Wednesday, October 9, 2013

Texas shouldn't make shady deals for death penalty drugs


Texas executes more people than any other state by a wide margin — more than the next five states on that list put together. On Wednesday, Texas will add another name to the list of inmates executed, that ofMichael Yowell, 43, who will be put to death for murdering his parents and grandmother.
Yowell’s execution is significant because, as The Associated Press reported last week, the drug used to kill him will come from a controversial new supply provided not by a major pharmaceutical company but by a small compounding pharmacy outside of Houston, raising ethical questions about the drug’s quality and effectiveness. The drug, a widely-used sedative called pentobarbital, causes fatal respiratory arrest in high doses. Pentobarbital is used by several states in executions, usually as part of a three-drug cocktail.
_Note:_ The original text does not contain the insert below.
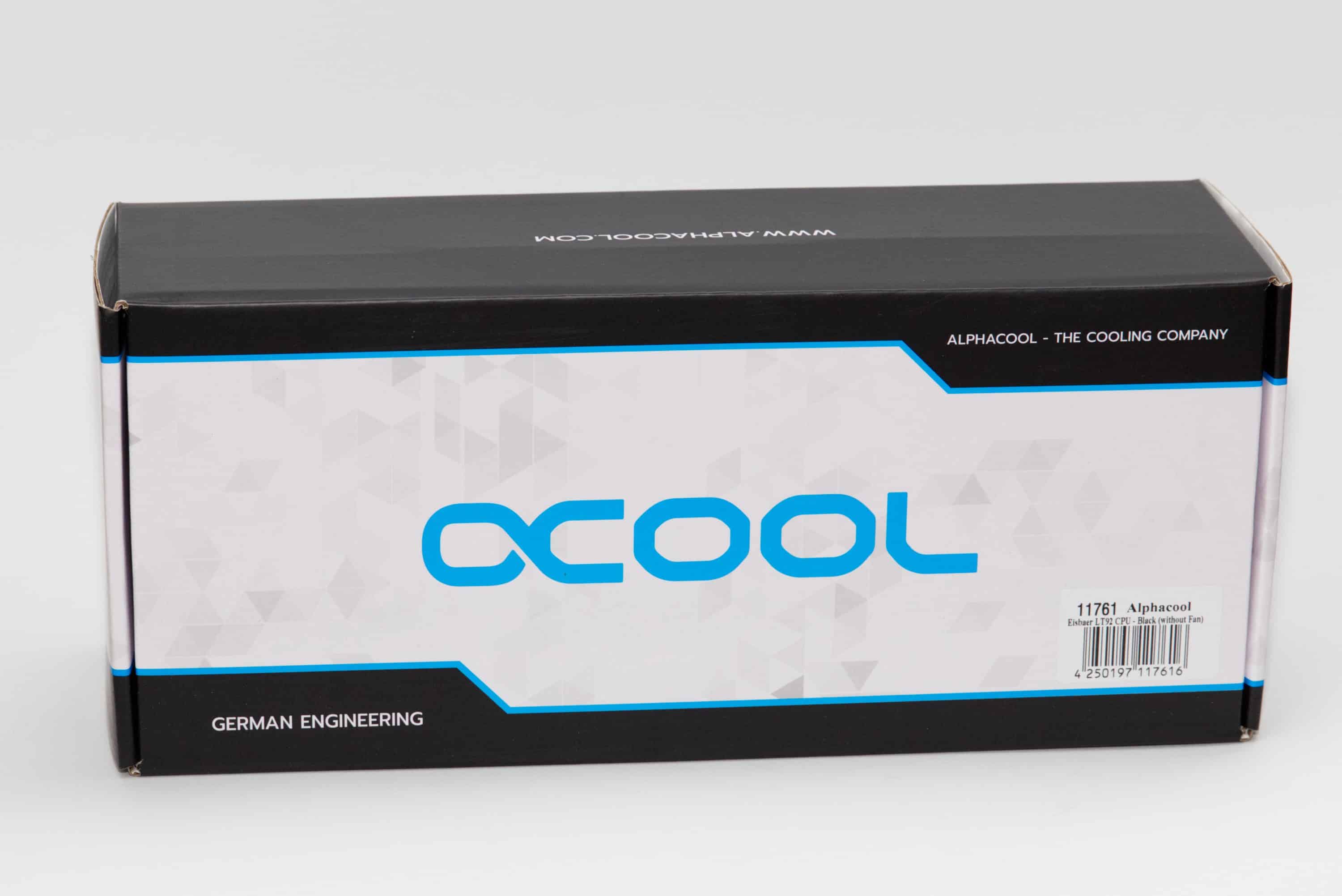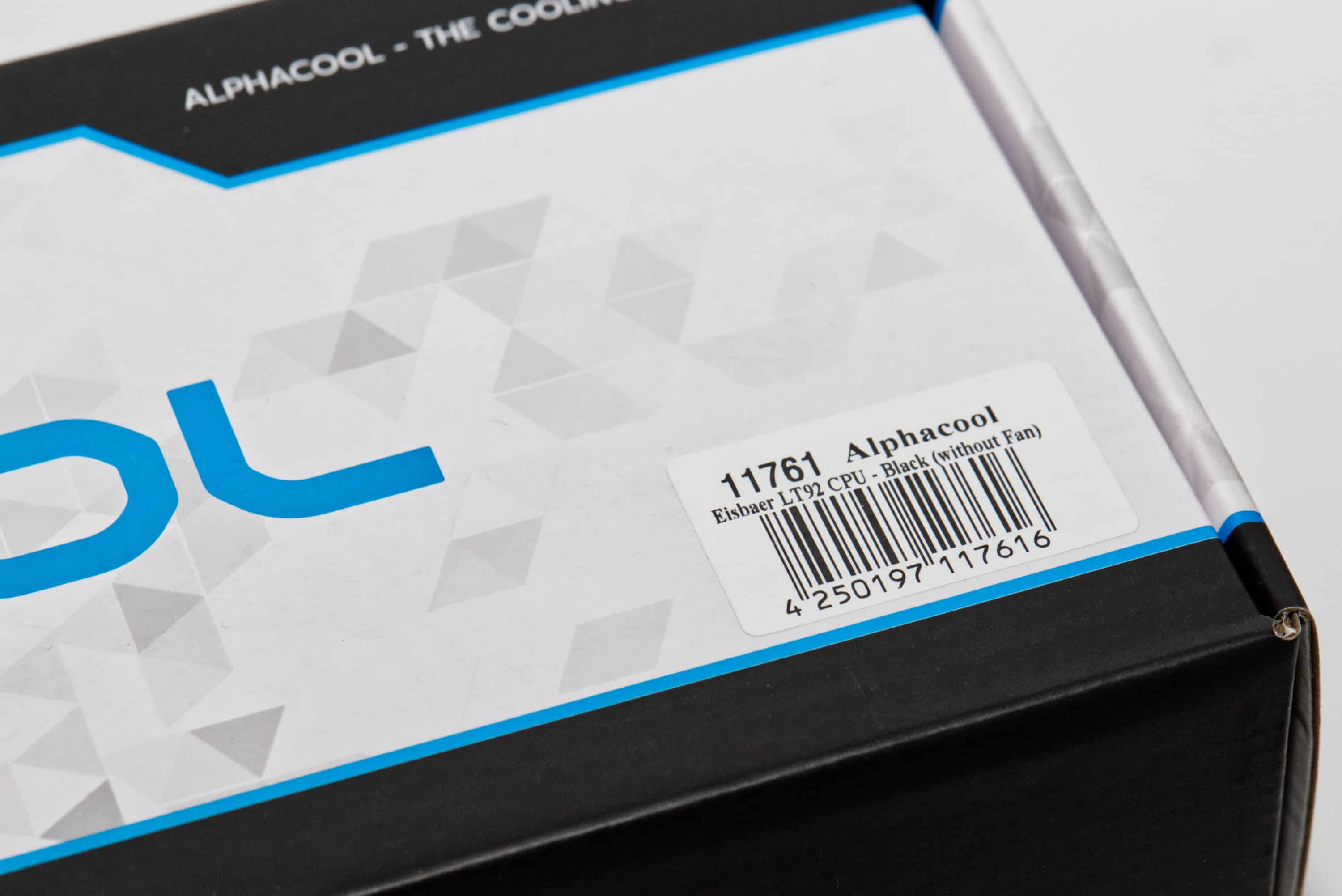 Die Verpackung der Alphacool Eisbaer LT92 CPU AIO ist recht simpel und universell gestaltet. Es gibt auf der Verpackung also keinen konkreten Aufdruck, der darauf hinweist, was sich in der Schachtel findet. Bis auf einen Aufkleber im Eck.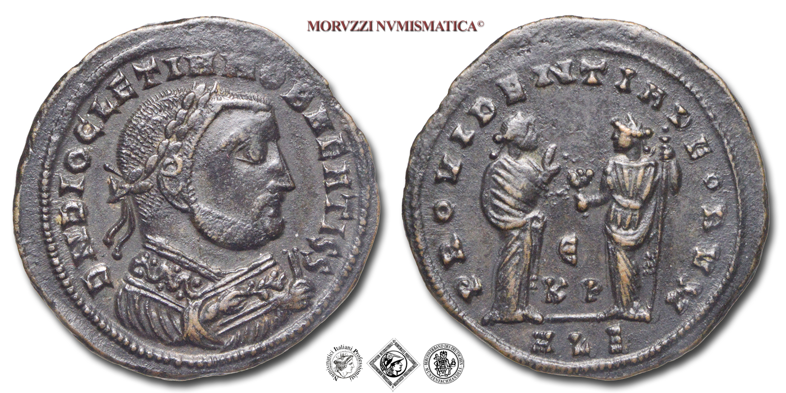 Impero Romano, DIOCLEZIANO, 284-305 d.C., FOLLIS, Emissione: 308-310 d.C., D/ DN DIOCLETIANO BEATISS, busto laureato con il mantello imperiale con ramoscello di olivo nella destra e mappa nella sinistra a destra, R/ PROVIDENTIA DEORVM, ALE, E K P, la Providentia stante a destra leva in alto la destra dinanzi alla Quiete stante a sinistra con ramoscello di olivo nella destra e scettro nella sinistra, Zecca di Antiochia, Rif. bibl. R.I.C., 109; Metallo: AE, gr. 6,43, (MR160312), Diam.: mm. 22,80, SPL, (NC)

The shortage that forced Texas to move to a compounding factory supplier has been a long time coming. In 2011, the Danish pharmaceutical company that had supplied Texas with pentobarbital announced that it would no longer sell it to anyone who used it to kill.
Then, the same thing happened with sodium thiopental, another part of the three-drug cocktail, and Texas and several other states abandoned the three-drug protocol in favor of a straight dose of pentobarbital.
But before long Texas had exhausted its supplies of pentobarbital. The last inmate to be executed in Texas with pentobarbital from a known supplier was Robert Garza, on Sept.  19 of this year. Suddenly, Texas no longer had access to its preferred method of execution.